Data entries:
BEGIN
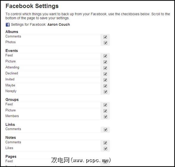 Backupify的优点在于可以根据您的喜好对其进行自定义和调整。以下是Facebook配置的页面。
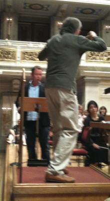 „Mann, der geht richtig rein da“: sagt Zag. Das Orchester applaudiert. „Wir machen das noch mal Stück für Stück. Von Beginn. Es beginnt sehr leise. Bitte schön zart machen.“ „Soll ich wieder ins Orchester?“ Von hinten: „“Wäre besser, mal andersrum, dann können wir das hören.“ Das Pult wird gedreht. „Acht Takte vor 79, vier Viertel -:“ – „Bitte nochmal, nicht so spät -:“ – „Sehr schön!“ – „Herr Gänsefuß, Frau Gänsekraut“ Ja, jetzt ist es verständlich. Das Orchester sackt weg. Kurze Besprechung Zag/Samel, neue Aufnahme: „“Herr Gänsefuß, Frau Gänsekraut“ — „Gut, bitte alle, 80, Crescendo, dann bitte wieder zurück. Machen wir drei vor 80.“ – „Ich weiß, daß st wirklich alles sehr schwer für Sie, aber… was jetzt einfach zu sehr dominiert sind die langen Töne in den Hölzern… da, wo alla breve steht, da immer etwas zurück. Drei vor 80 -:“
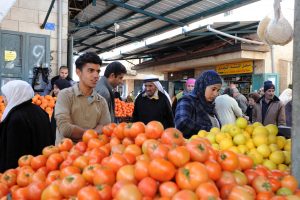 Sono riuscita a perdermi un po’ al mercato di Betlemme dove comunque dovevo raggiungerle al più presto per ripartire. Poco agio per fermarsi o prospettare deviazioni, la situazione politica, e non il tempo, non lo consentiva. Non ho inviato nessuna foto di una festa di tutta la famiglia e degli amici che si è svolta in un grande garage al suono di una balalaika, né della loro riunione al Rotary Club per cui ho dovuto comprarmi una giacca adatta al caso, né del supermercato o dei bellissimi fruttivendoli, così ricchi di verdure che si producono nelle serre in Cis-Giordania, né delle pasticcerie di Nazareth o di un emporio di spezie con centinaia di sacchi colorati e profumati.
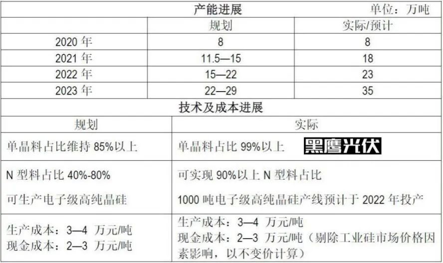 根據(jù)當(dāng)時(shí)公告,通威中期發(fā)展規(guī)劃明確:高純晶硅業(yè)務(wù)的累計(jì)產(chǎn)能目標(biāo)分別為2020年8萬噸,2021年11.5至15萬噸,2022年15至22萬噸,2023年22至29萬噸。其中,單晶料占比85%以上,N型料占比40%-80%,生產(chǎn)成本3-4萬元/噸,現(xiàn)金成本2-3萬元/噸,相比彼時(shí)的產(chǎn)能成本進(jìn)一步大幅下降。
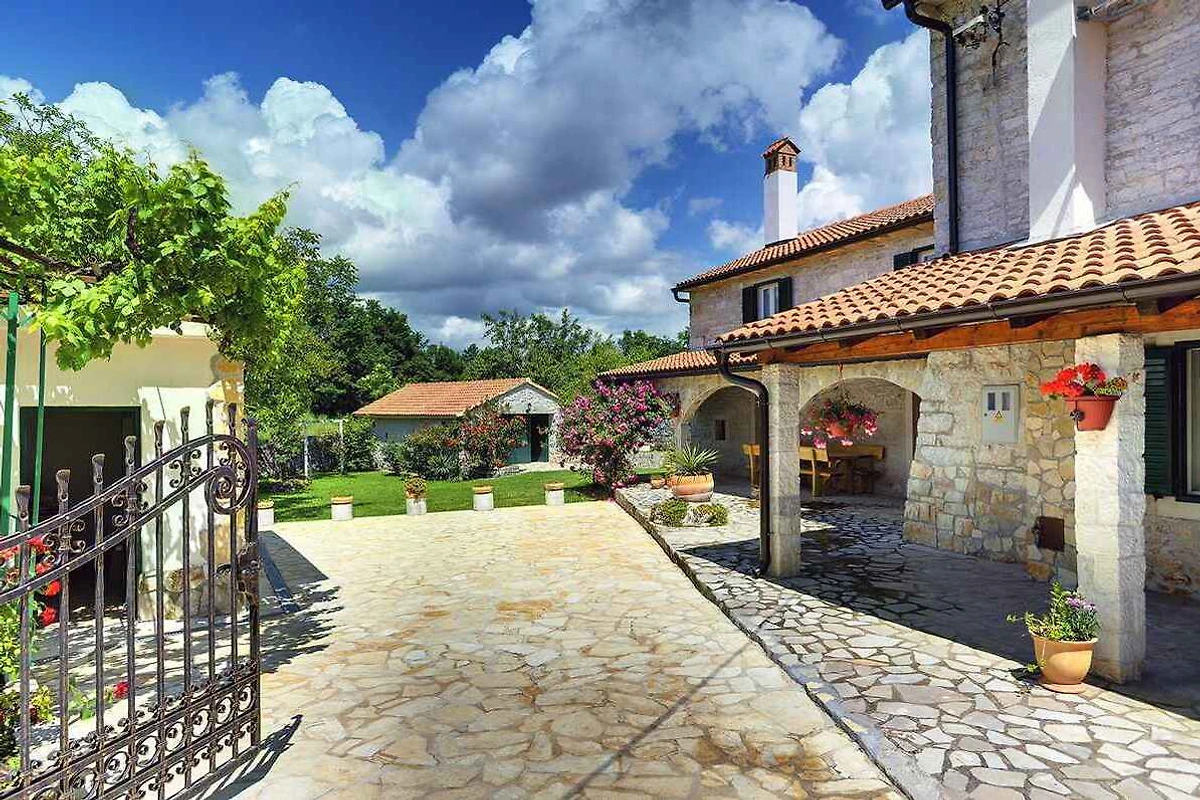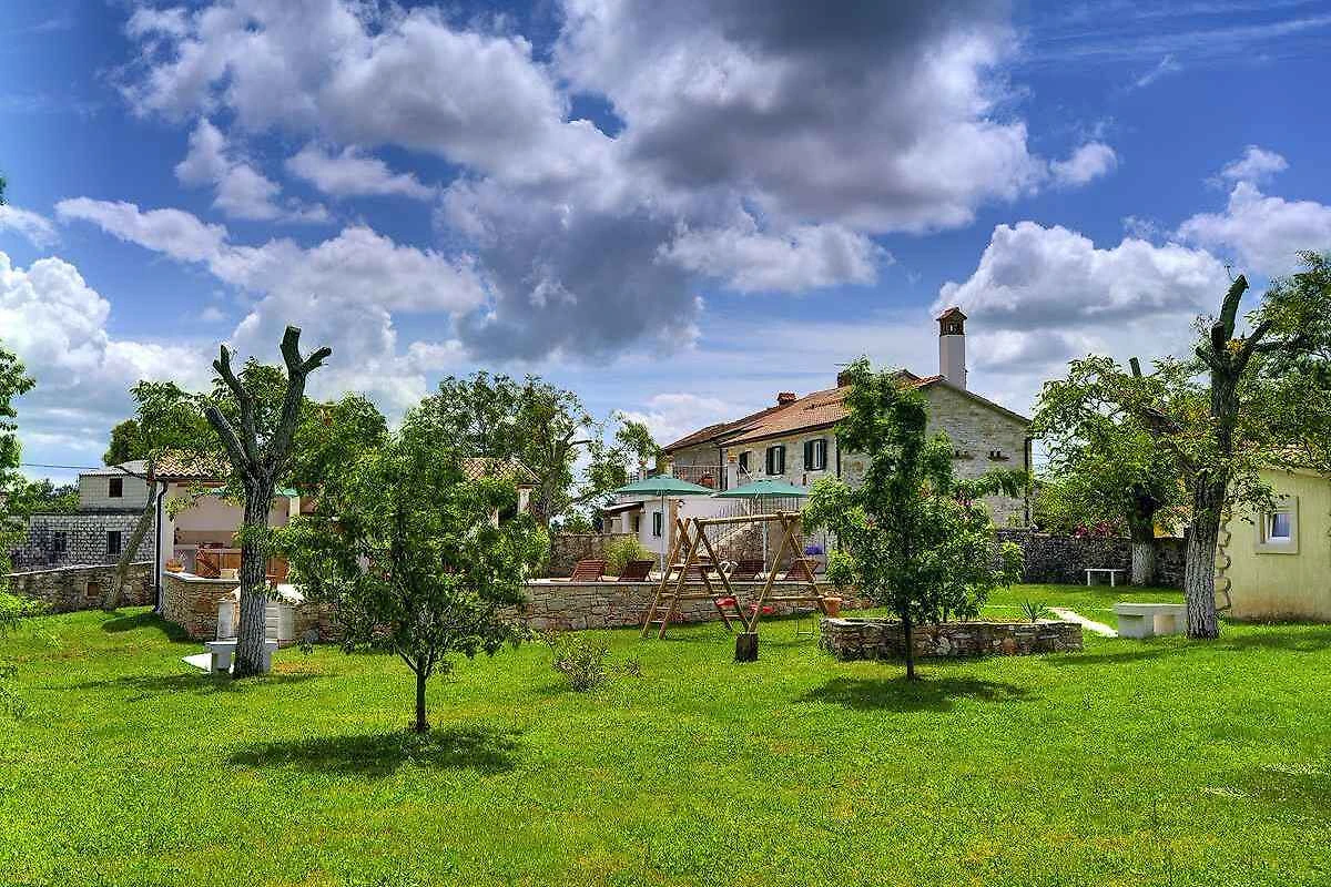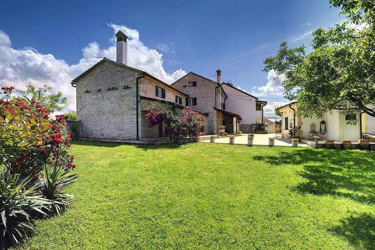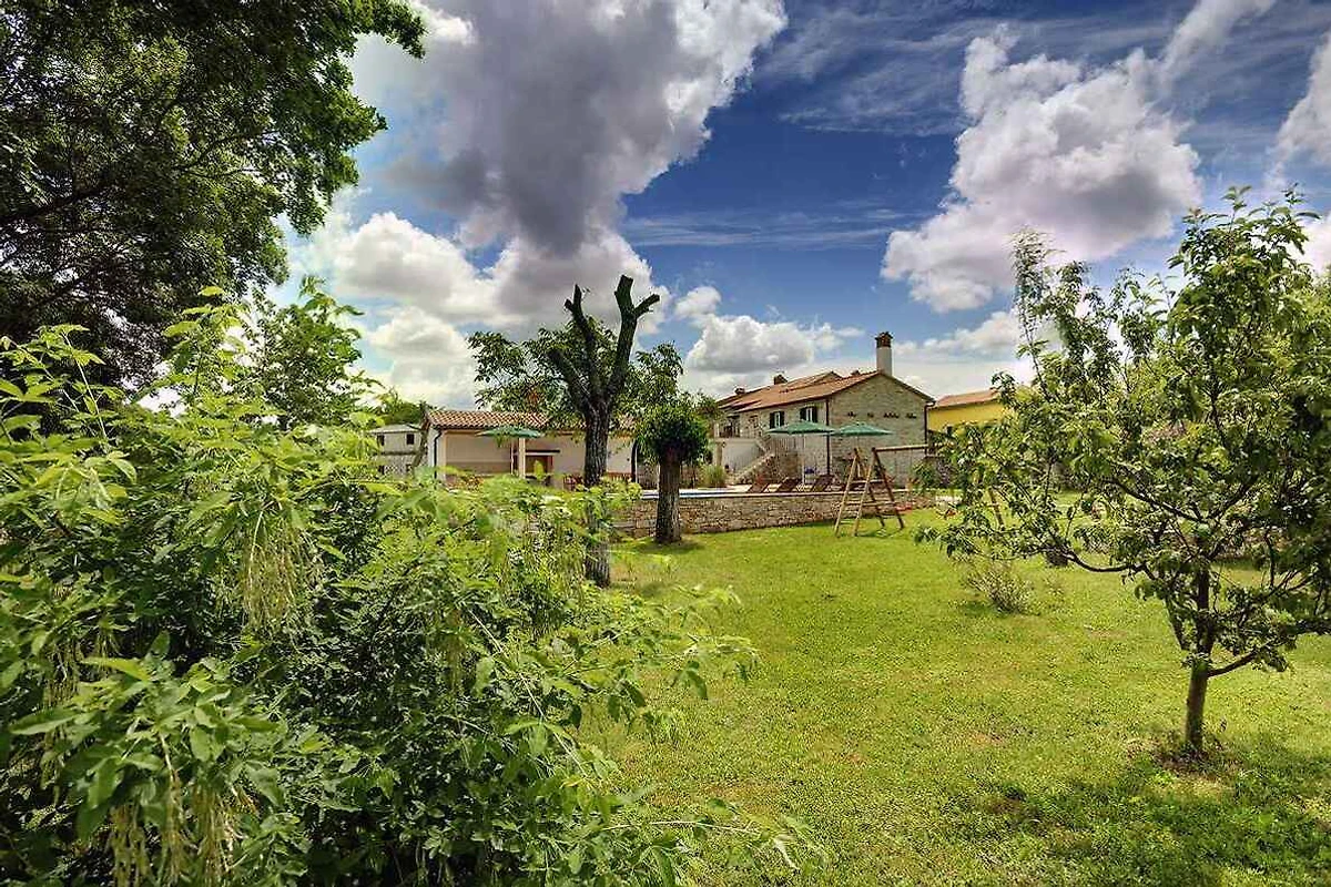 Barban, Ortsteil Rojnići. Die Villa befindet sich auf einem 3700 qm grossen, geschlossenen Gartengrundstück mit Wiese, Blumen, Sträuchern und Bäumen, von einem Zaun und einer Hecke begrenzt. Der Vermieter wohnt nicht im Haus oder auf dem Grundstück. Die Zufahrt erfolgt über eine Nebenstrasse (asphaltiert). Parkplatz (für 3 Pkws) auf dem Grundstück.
END
**About this task:**
Write out exactly the lines between the start of the data and the line with "根據(jù)當(dāng)時", including both, but none of the pictures.

**Solution for this problem:**
 Backupify的优点在于可以根据您的喜好对其进行自定义和调整。以下是Facebook配置的页面。
 „Mann, der geht richtig rein da“: sagt Zag. Das Orchester applaudiert. „Wir machen das noch mal Stück für Stück. Von Beginn. Es beginnt sehr leise. Bitte schön zart machen.“ „Soll ich wieder ins Orchester?“ Von hinten: „“Wäre besser, mal andersrum, dann können wir das hören.“ Das Pult wird gedreht. „Acht Takte vor 79, vier Viertel -:“ – „Bitte nochmal, nicht so spät -:“ – „Sehr schön!“ – „Herr Gänsefuß, Frau Gänsekraut“ Ja, jetzt ist es verständlich. Das Orchester sackt weg. Kurze Besprechung Zag/Samel, neue Aufnahme: „“Herr Gänsefuß, Frau Gänsekraut“ — „Gut, bitte alle, 80, Crescendo, dann bitte wieder zurück. Machen wir drei vor 80.“ – „Ich weiß, daß st wirklich alles sehr schwer für Sie, aber… was jetzt einfach zu sehr dominiert sind die langen Töne in den Hölzern… da, wo alla breve steht, da immer etwas zurück. Drei vor 80 -:“
 Sono riuscita a perdermi un po’ al mercato di Betlemme dove comunque dovevo raggiungerle al più presto per ripartire. Poco agio per fermarsi o prospettare deviazioni, la situazione politica, e non il tempo, non lo consentiva. Non ho inviato nessuna foto di una festa di tutta la famiglia e degli amici che si è svolta in un grande garage al suono di una balalaika, né della loro riunione al Rotary Club per cui ho dovuto comprarmi una giacca adatta al caso, né del supermercato o dei bellissimi fruttivendoli, così ricchi di verdure che si producono nelle serre in Cis-Giordania, né delle pasticcerie di Nazareth o di un emporio di spezie con centinaia di sacchi colorati e profumati.
 根據(jù)當(dāng)時(shí)公告,通威中期發(fā)展規(guī)劃明確:高純晶硅業(yè)務(wù)的累計(jì)產(chǎn)能目標(biāo)分別為2020年8萬噸,2021年11.5至15萬噸,2022年15至22萬噸,2023年22至29萬噸。其中,單晶料占比85%以上,N型料占比40%-80%,生產(chǎn)成本3-4萬元/噸,現(xiàn)金成本2-3萬元/噸,相比彼時(shí)的產(chǎn)能成本進(jìn)一步大幅下降。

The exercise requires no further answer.